Comme on l'a déjà rappelé ailleurs sur ce site (voyez WHOOMS), il paraîtrait qu'une "politique de santé mentale" aurait été mise en place et fonctionnerait en Belgique (depuis 1990!), les autorités responsables n'ont pas manqué de le faire savoir à l'O.M.S. qui en a fait état dans les documents de son projet ATLAS. Toutefois, comment pareille mise en oeuvre aurait-elle été possible, si les besoins n'avaient pas, déjà, été analysés, si les moyens de répondre à ces besoins n'avaient pas, déjà, été mis à disposition d'exécutants bien réels, bien formés, (bien payés), connaissant bien leurs missions bien définies?
A moins que...
...Les préoccupations dont se targue à présent le ministre wallon des Affaires sociales laisseraient-elles par contre supposer que les mesures prises et communiquées à l'O.M.S. n'auraient été, somme toute, qu'une sorte de "vision politique", c'est-à-dire l'évocation d'un beau rêve n'existant que dans la tête des "décideurs", tandis que, pour les soi-disant "bénéficiaires" de ces mesures, il ne se serait agi que de la continuation inchangée de leur cauchemar permanent?
C'est en tous cas ce que son allocution d'inauguration risque de laisser craindre.
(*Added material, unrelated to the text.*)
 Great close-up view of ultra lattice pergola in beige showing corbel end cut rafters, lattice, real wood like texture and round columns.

Un autre exemple plus récent de mesure ministérielle en forme de mirage peut-être plus pernicieux encore nous est donné dans un "Communiqué de presse de Frank Vandenbroucke du 31 janvier 2003: soins psychiatriques". Ce n'est, à nouveau, qu'une coquille vide, une mauvaise vision comptable, un subterfuge qui avait déjà été utilisé auparavant (réforme et "reconversion" du secteur psychiatrique de 1990) avec des conséquences désastreuses pour les malades mentaux, ce dont les responsables ne semblent pas se souvenir (à moins qu'ils n'espèrent que les électeurs, eux, aient oublié...): les ministres fédéraux de la Santé publique (Jef Tavernier) et des Affaires sociales (Frank Vandenbroucke) annoncent (sans rire) qu'ils offrent aux institutions hospitalières de soins la possibilité de se "défaire" de places ("lits") de leurs services (souffrant déjà de pénurie) en faveur de "lits" (moins chers - donc pouvant être plus nombreux??) dans des "formules d'encadrement en milieu ouvert" (et ils appellent cela des "échanges"!). N'aurait-on pas déjà entendu cela quelque part?
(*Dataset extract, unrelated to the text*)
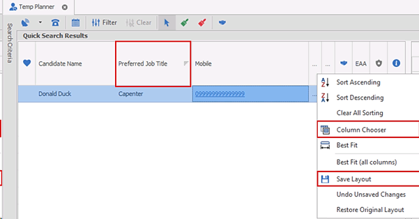 The candidate’s ‘preferred job title’ is available in the column chooser and can be added to the Temp Planner candidate results grid

En 1998 déjà, l'association Similes de Bruxelles (parents et amis de malades) avait fait parvenir à tous les députés de Belgique une lettre ouverte - que j'avais signée - dans laquelle j'expliquais clairement (c'est en tous cas ce que certains destinataires ont bien voulu m'écrire) pourquoi de telles mesures étaient dépourvues de sens et se réduisaient à des formules creuses. A l'époque - mais il faut dire qu'on était en période pré-électorale - , cette lettre semblait avoir reçu un accueil fort généralement favorable. Mais il semblerait bien que, de quelque couleur politique que soient les majorités qui arrivent au pouvoir et se remplacent les unes les autres, la mémoire de leurs représentants soit toujours aussi courte, leurs promesses et leur résolution aussi fragiles.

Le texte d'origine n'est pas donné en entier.